• _ASSIGNMENT_
Set down each line of the data below exactly as it stands, dropping the pictures.

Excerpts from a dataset
***

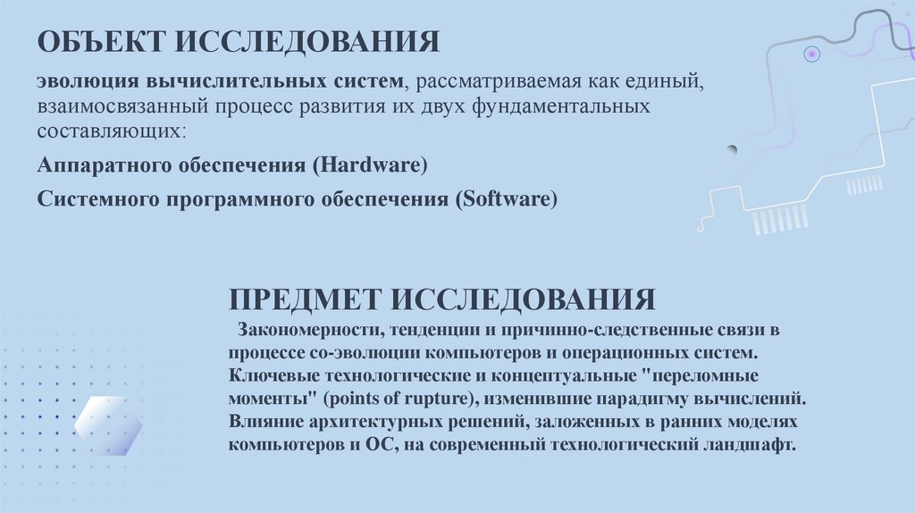 ОБЪЕКТ ИССЛЕДОВАНИЯэволюция вычислительных систем, рассматриваемая как единый,
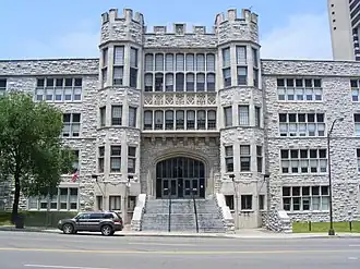 In 1875 Fogg High School was built adjacent to Hume School at the corner of Broad and Eighth and absorbed its high school students. Around 1910 both schools were razed and replaced by Hume-Fogg High School, a Gothic Revival building, which opened in 1912.[6] The building consists of five floors including a basement, which has several tunnels leading to various locations in downtown Nashville. However, they are currently boarded off and inaccessible. In 1942 Hume-Fogg was recast as a technical and vocational school.
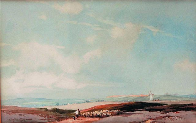 | shepherd and his flock on the downs, probably in Sussex | |
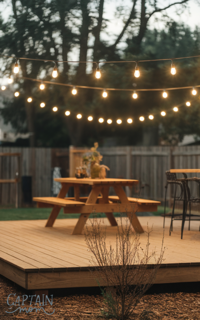 String lights are one of the simplest Renter Friendly Backyard Upgrades that instantly create a cozy atmosphere. I always recommend warm white bulbs for a soft glow that feels inviting and elegant. You can hang them using removable hooks, poles, or tension wires without drilling into walls. They work beautifully for dinners, relaxing evenings, or even small celebrations. Because they’re portable, you can easily take them with you when you move. This upgrade adds charm, warmth, and personality to any backyard without permanent changes.
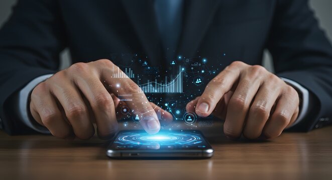 Businessman using smartphone with holographic data
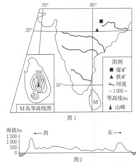 1.M岛位于北印度洋,南部由西南季风带来丰沛降水,淡水资源丰富;南部地势较高地区,气候凉爽,适宜人类居住;南部沿海平原,地势平坦,利于农业发展。
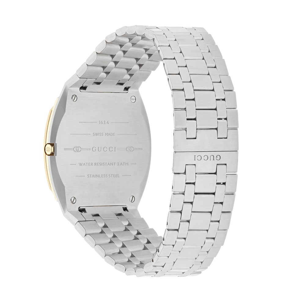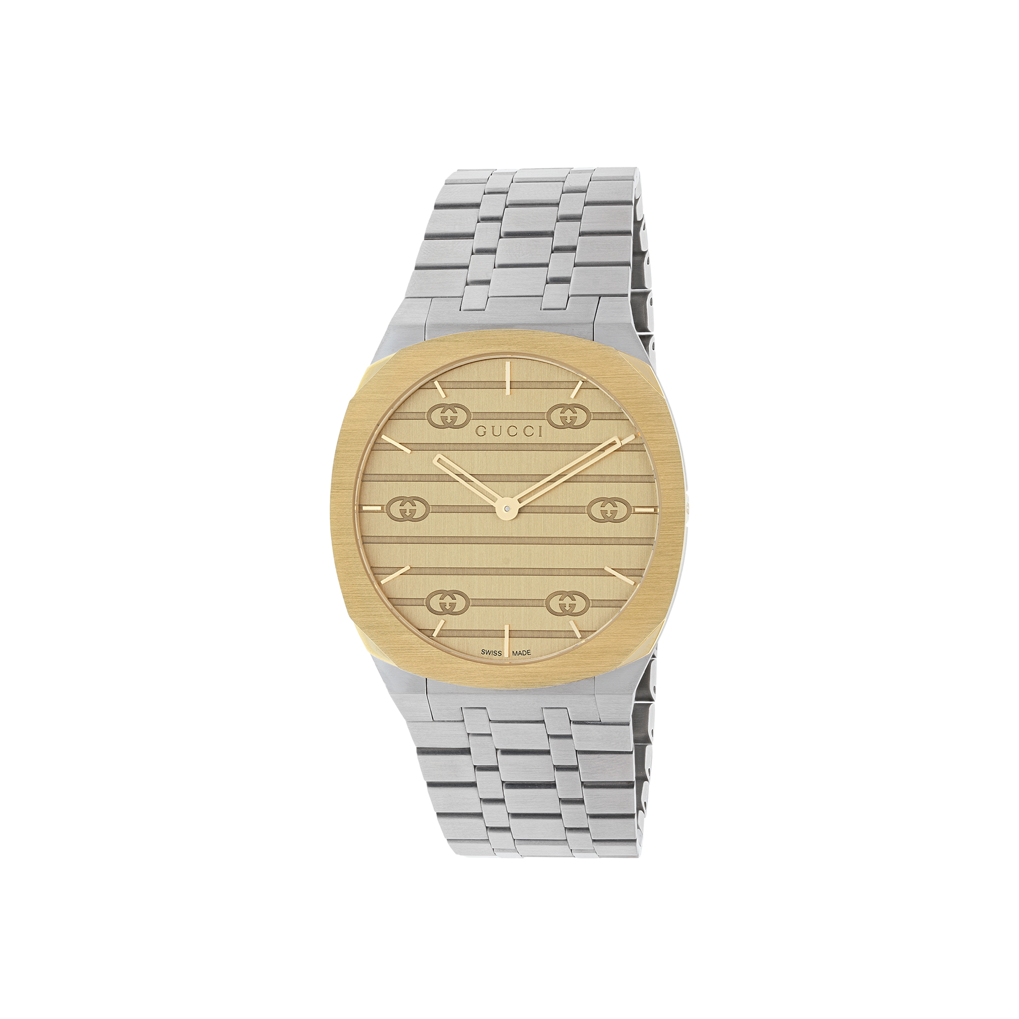 Diese Uhr verkörpert Eleganz und Modernität mit ihrem schlanken 38mm Gehäuse aus gelbem Gold und integriertem Armband. Mit einem goldfarbenen Zifferblatt und dem ikonischen GUCCI-Logo versehen, wird sie von einem Schweizer Quarzwerk angetrieben, das präzise Zeitmessung gewährleistet. Ihr minimalistisches Design wird durch ein kratzfestes Saphirglas ergänzt und bietet Alltagstauglichkeit und Stil. Diese Uhr ist ein Zeugnis für die zeitlose Handwerkskunst und den innovativen Geist der Marke.
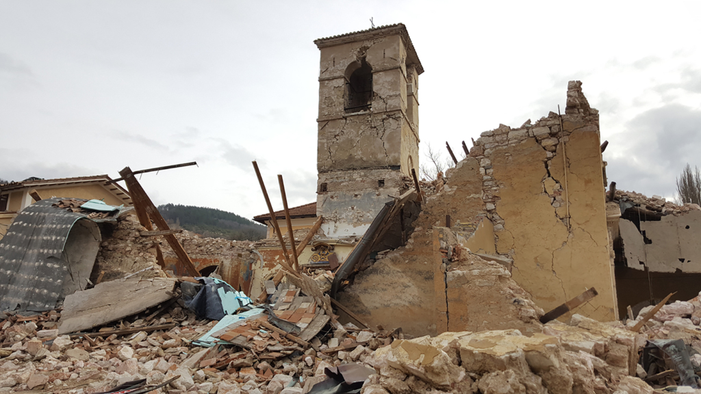 Crollo totale della chiesa di Sant’Antonio a Visso (MC) a seguito del terremoto Centro Italia 2016

***

• _SOLUTION BELOW_
 ОБЪЕКТ ИССЛЕДОВАНИЯэволюция вычислительных систем, рассматриваемая как единый,
 In 1875 Fogg High School was built adjacent to Hume School at the corner of Broad and Eighth and absorbed its high school students. Around 1910 both schools were razed and replaced by Hume-Fogg High School, a Gothic Revival building, which opened in 1912.[6] The building consists of five floors including a basement, which has several tunnels leading to various locations in downtown Nashville. However, they are currently boarded off and inaccessible. In 1942 Hume-Fogg was recast as a technical and vocational school.
 | shepherd and his flock on the downs, probably in Sussex | |
 String lights are one of the simplest Renter Friendly Backyard Upgrades that instantly create a cozy atmosphere. I always recommend warm white bulbs for a soft glow that feels inviting and elegant. You can hang them using removable hooks, poles, or tension wires without drilling into walls. They work beautifully for dinners, relaxing evenings, or even small celebrations. Because they’re portable, you can easily take them with you when you move. This upgrade adds charm, warmth, and personality to any backyard without permanent changes.
 Businessman using smartphone with holographic data
 1.M岛位于北印度洋,南部由西南季风带来丰沛降水,淡水资源丰富;南部地势较高地区,气候凉爽,适宜人类居住;南部沿海平原,地势平坦,利于农业发展。
 Diese Uhr verkörpert Eleganz und Modernität mit ihrem schlanken 38mm Gehäuse aus gelbem Gold und integriertem Armband. Mit einem goldfarbenen Zifferblatt und dem ikonischen GUCCI-Logo versehen, wird sie von einem Schweizer Quarzwerk angetrieben, das präzise Zeitmessung gewährleistet. Ihr minimalistisches Design wird durch ein kratzfestes Saphirglas ergänzt und bietet Alltagstauglichkeit und Stil. Diese Uhr ist ein Zeugnis für die zeitlose Handwerkskunst und den innovativen Geist der Marke.
 Crollo totale della chiesa di Sant’Antonio a Visso (MC) a seguito del terremoto Centro Italia 2016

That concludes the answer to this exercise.